Pacheco llegaba a Caracas por el Camino de los Españoles y entraba por la Puerta de Caracas, en La Pastora, vendía sus flores frente a la famosa Iglesia de esa zona y descansaba de su difícil viaje, de esta manera la gente comenzó a asociar la llegada del vendedor de flores con la época más fría, desde Noviembre hasta Enero.

Los caraqueños al ver a este hombre exclamaban «Allí viene Pacheco», «Bajó Pacheco» o «Llegó Pacheco», de esta forma sabían que las temperaturas estaban bajando en la montaña y que también bajarían a los pocos días en Caracas.
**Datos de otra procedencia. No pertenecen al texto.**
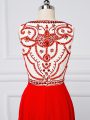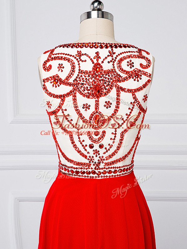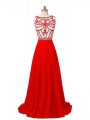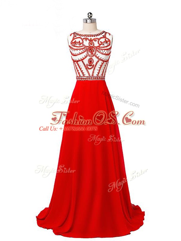 Shining Chiffon Sleeveless Dress for Prom Sweep Train and Beading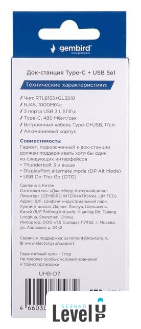| Все разъемы на адаптере | USB-A 3.2 Gen1 (5 Гбит/с), USB-C 2.0, RJ-45 |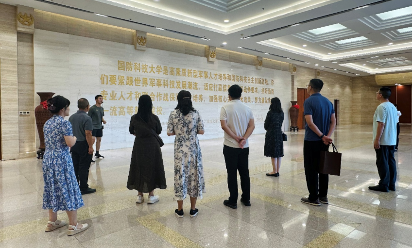 会后,太阳成集团122ccvip常务副经理董晓辉一行陪同公司教师参观校史馆。铁血筑军魂,共筑强军梦。校史馆以“肩负重任、不辱使命、强军兴国”为主题和“三个息息相关”为主线,采取历史时期与重大专题相结合的方式,通过800余块展板,2000余幅照片,1000余件实物,50多部影像资料生动再现国防科技大学光辉的办学历程、育人成效和重要贡献。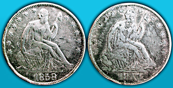 The 1858-O Seated Liberty half dollar at left is worth about $40 in this state of preservation. The 1856-O at right is a fake, like you might buy unawares at a swap meet or garage sale. This one was probably a contemporary counterfeit, made nearly 150 years ago when a half dollar was real money, but today it's still worth only the price of a blob of lead. (Photo: Leon Worden/The Signal)
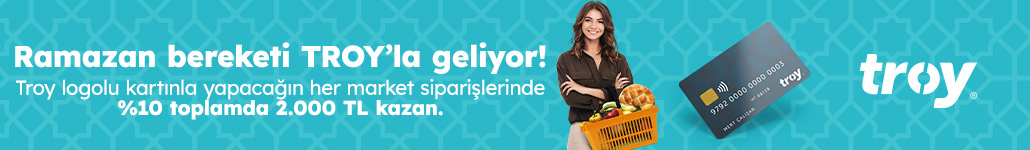 • Kampanya, yalnızca kampanyaya katılan banka ve elektronik para kuruluşları aracılığıyla edinilen TROY logolu bireysel kartlarla sınırlıdır. Aktif Yatırım Bankası A.Ş, Alternatifbank A.Ş., Hayat Finans Katılım Bankası A.Ş., Moka Ödeme Hizmetleri ve Elektronik Para A.Ş., Moneypay Ödeme ve Elektronik Para Hizmetleri A.Ş., Odeabank A.Ş., Payporter Ödeme Hizmetleri ve Elektronik Para A.Ş., T.O.M. Katılım Bankası A.Ş., TT Ödeme ve Elektronik Para Hizmetleri A.Ş., Vodafone Elektronik Para ve Ödeme Hizmetleri A.Ş. kampanya katılımcısı değildir.

La llegada del Pacheco era sinónimo de que se acercaba la Navidad. 


Pacheco, representaba en ese entonces a la naturaleza, que forzaba con sus espontáneas floraciones a abandonar su refugio, para volcar en la ciudad aquel amoroso y colorido mensaje de flores galipaneras; fue y sigue siendo el representante de una tradición que aún perdura en nuestra ciudad.



Aquiles Nazoa encontró en la tradición de Pacheco y su bajada del Ávila una fuente para muchos de sus trabajos literarios, de los cuales el más divulgado es: “Qué hubo Pacheco”. Cuando en Caracas hace frío una gran mayoría decimos: “Hace Pacheco” o “llegó Pacheco”, según la época.